[Stored records]
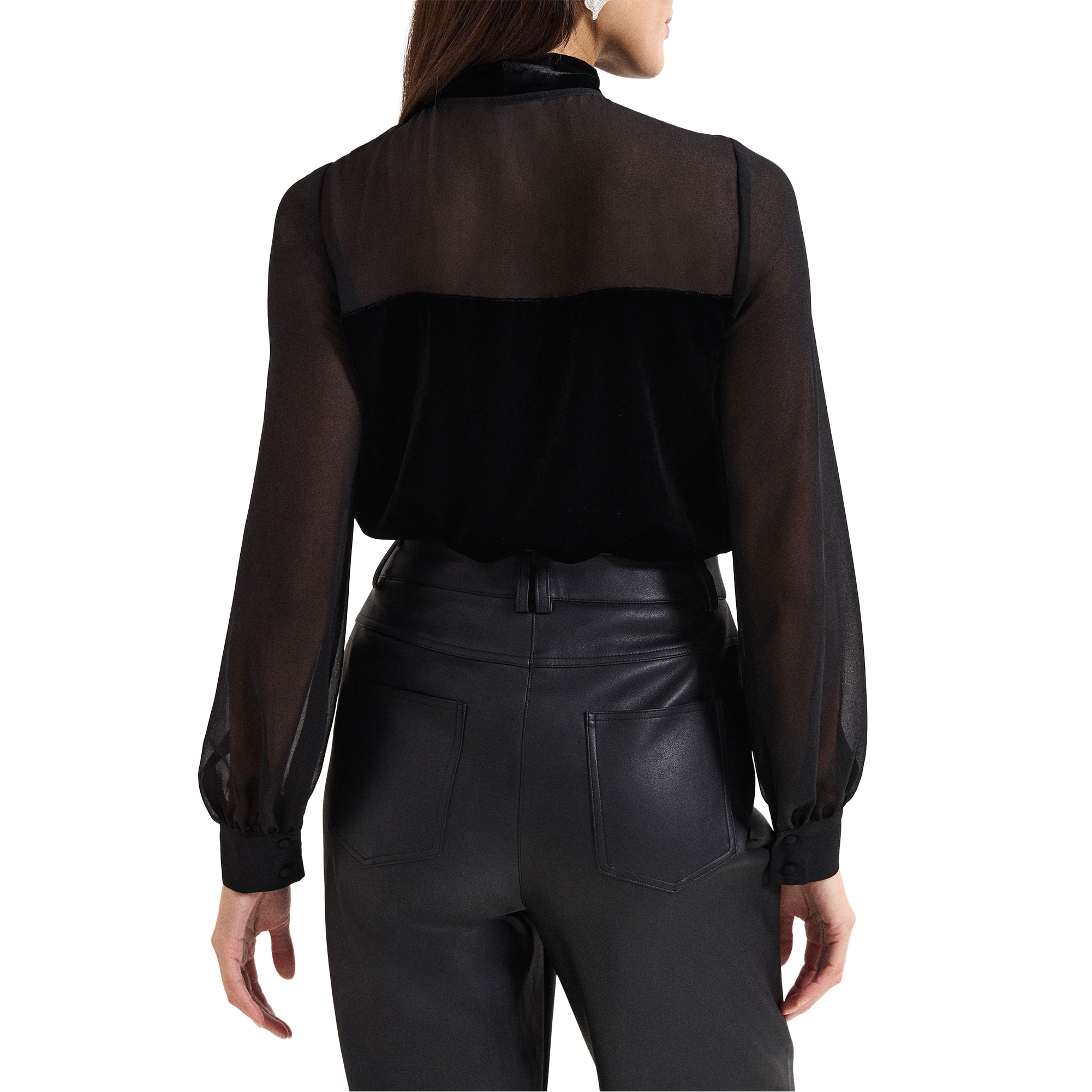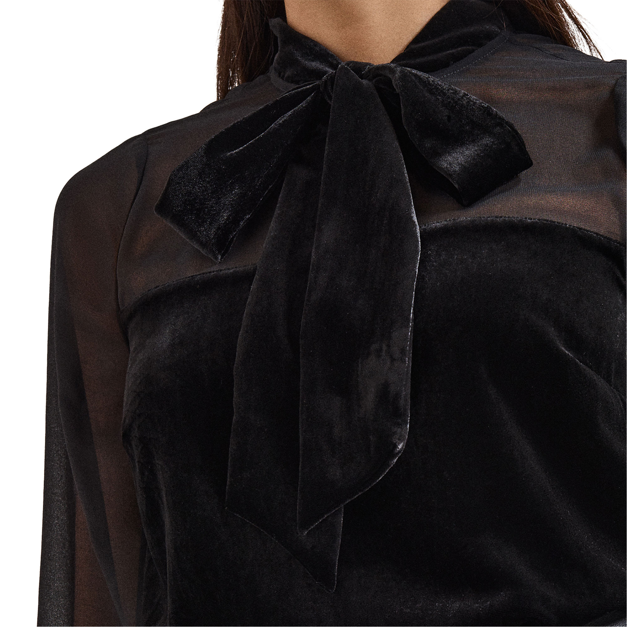 - Velvet fabric, long sleeves, semi-sheer yoke and sleeves, pussybow detail tie
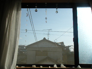 朝、お日様の光で目が覚めて、気持ちいい温かさのまま着替えて、窓に吊ってあるサンキャッチャーを光の入る位置にしました。
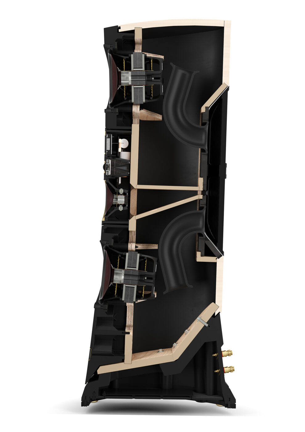 Basenhederne er monteret i to identiske 72 liters adskilte kamre med to buede basrefleksporte, der ender i to åbninger på bagsiden.
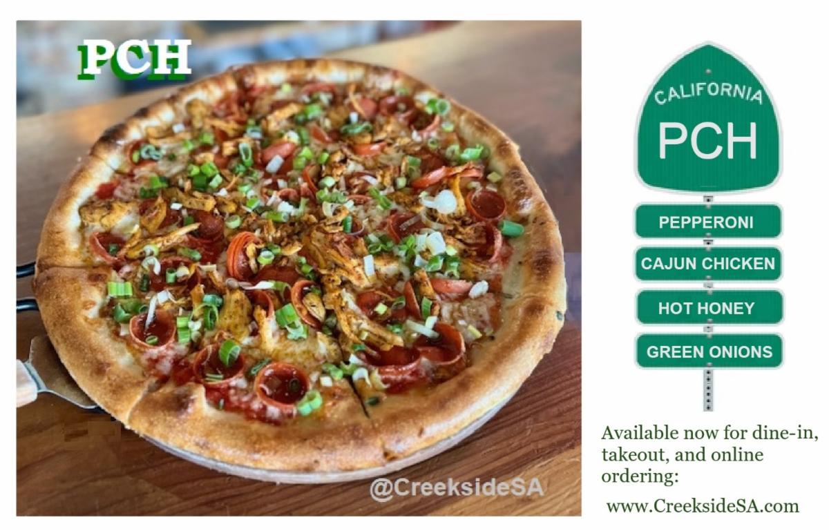 Get on the PCH, our new pizza on the Creekside menu. P: Pepperoni, C: Cajun-spiced Chicken, H: Hot Honey, plus some green onions for a little color and pop. Named for our favorite California coastal highway, PCH is available now for dine-in, takeout, and online ordering. Treat yourself to Lunch, Happy Hour, and Dinner at Creekside Pizza & Taproom. To order online (starting at 12 Noon daily) CLICK HERE
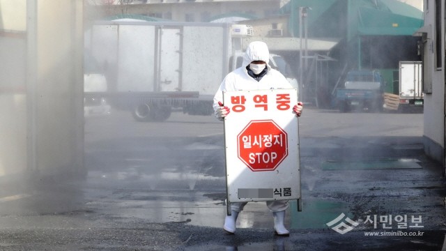 7일 오후 대전 대덕구 한 도축장직판장에서 업체 관계자가 방역 안내판을 옮기고 있다. 축산당국은 전날 충북 보은에 이어 전북 정읍에서도 구제역 신고가 들어오자 전국 모든 축산농가에 일시 이동중지명령(스탠드스틸·Standstill)을 발동했다.
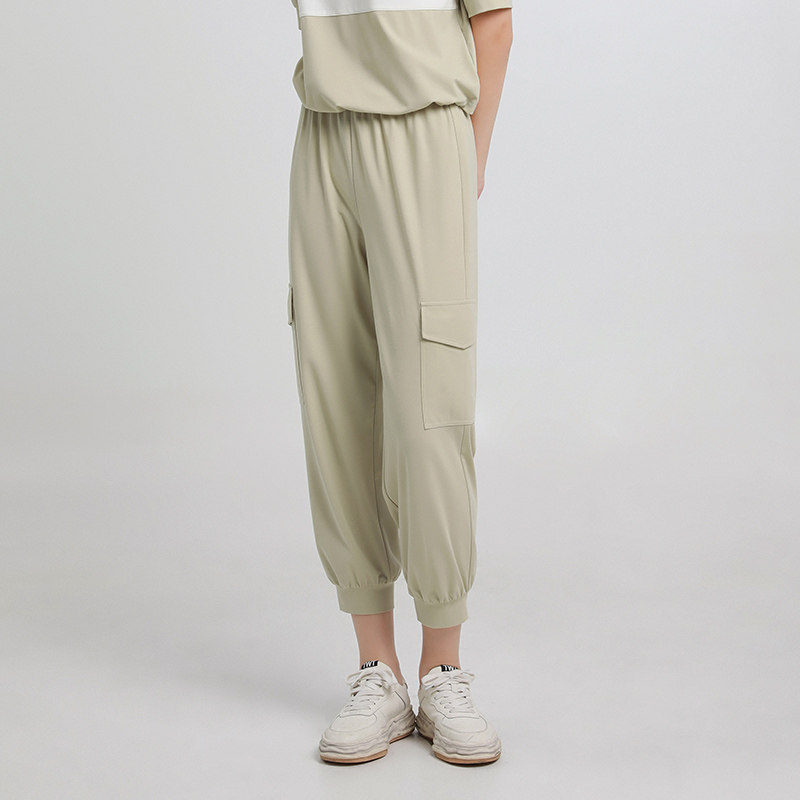 专柜同款 新款 Yifini 女夏季 八分慢跑裤 易菲松紧要宽松束脚裤
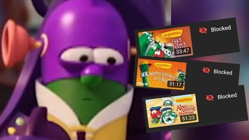 Explaining the video about VeggieTales full episodes are deleted or blocked worldwide: https://www.youtube.com/watch?v=LJsjyPSH6lU
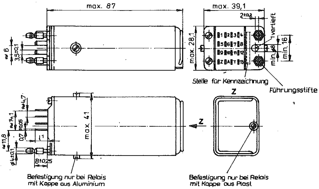 Die folgenden Abbildungen (Quelle TGL 6625) zeigen die Hauptmaße und die Anschlussbezeichnungen der Relais.

WHAT IS BEING ASKED:
Make an exact copy of only those lines that run from the line with "7일 오후 대전 대덕구" through the end of the records, excluding pictures.

WRITTEN ANSWER:
 7일 오후 대전 대덕구 한 도축장직판장에서 업체 관계자가 방역 안내판을 옮기고 있다. 축산당국은 전날 충북 보은에 이어 전북 정읍에서도 구제역 신고가 들어오자 전국 모든 축산농가에 일시 이동중지명령(스탠드스틸·Standstill)을 발동했다.
 专柜同款 新款 Yifini 女夏季 八分慢跑裤 易菲松紧要宽松束脚裤
 Explaining the video about VeggieTales full episodes are deleted or blocked worldwide: https://www.youtube.com/watch?v=LJsjyPSH6lU
 Die folgenden Abbildungen (Quelle TGL 6625) zeigen die Hauptmaße und die Anschlussbezeichnungen der Relais.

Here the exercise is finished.